The Ministry of General Machine-Building Industry of the USSR (MOM) (Russian: Министерство общего машиностроения СССР) was a government ministry of the Soviet Union.

The Ministry headquarters was located in Moscow, on Miusskaya Sq. (Миусская пл.) 3.

History
The Ministry of General Machine Building was established by the provisions of the CPSU Central Committee and USSR Council of Ministers no. 126-47 on 2 March 1965, who oversaw all issues related to space exploration in the USSR.

At the beginning the ministry consisted of 55 organizational units - companies, firms and research institutes: in 1966 there were 134, in 1991, 160.

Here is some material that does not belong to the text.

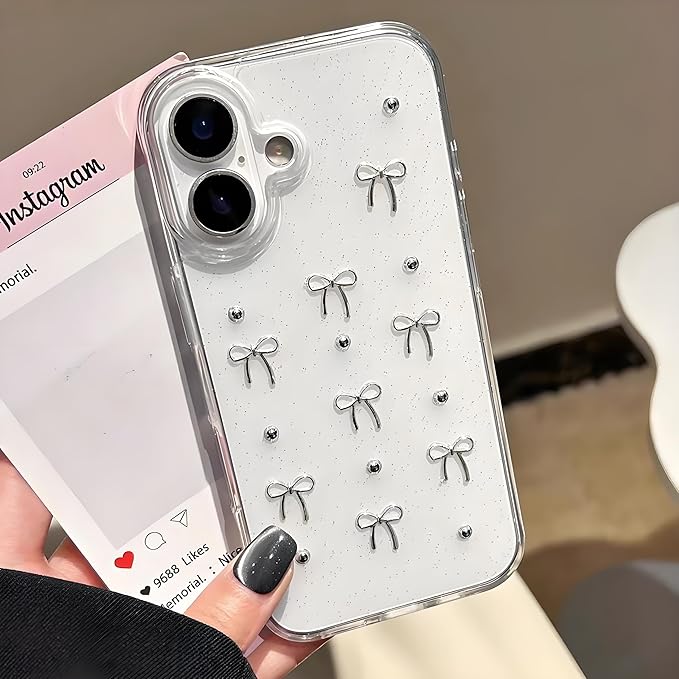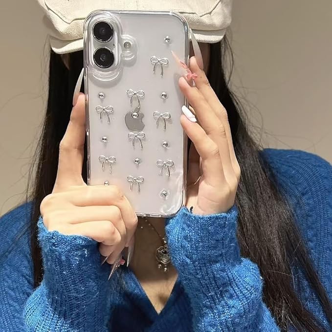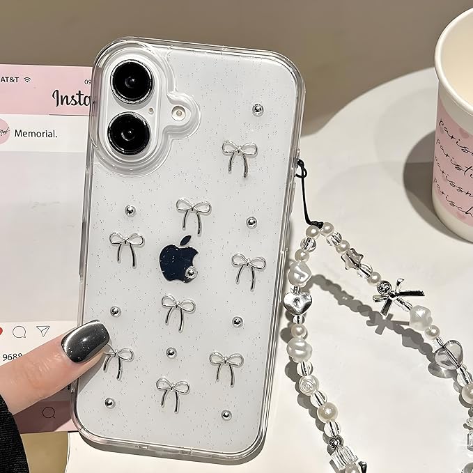 【透明感が高くで可愛らしいリボンケース】シルバーの小さなリボンとパール、控えめなラメが散りばめられた、大人可愛いiPhone用クリアケースです。シンプルながらもゴージャスな雰囲気を演出します。透明なデザインでiPhone本体のカラーやデザインを損なわず、さりげなくおしゃれを楽しめます。 【立体的なリボンとパールパーツ】 リボンやシルバーのボールは立体的で、触っても手に馴染むデザイン。しっかりとコーティングされており、衣類などに引っ掛ける心配も少なく安心です。

On September 17, 1991, the Ministry was wound up, passing on their duties to the newly established Federal Space Agency Roskosmos (Федеральное космическое агентство - Роскосмос).

List of ministers
Source:
 Sergey Afanasyev (2.3.1965 - 8.4.1983)
 Oleg Baklanov (8.4.1983 - 26.3.1988)
 Vitaly Doguzhiev (26.3.1988 - 17.7.1989)
 Oleg Shushkin (17.7.1989 - 24.12.1991)

See also
Ministry of Medium Machine Building, Soviet ministry of nuclear industry.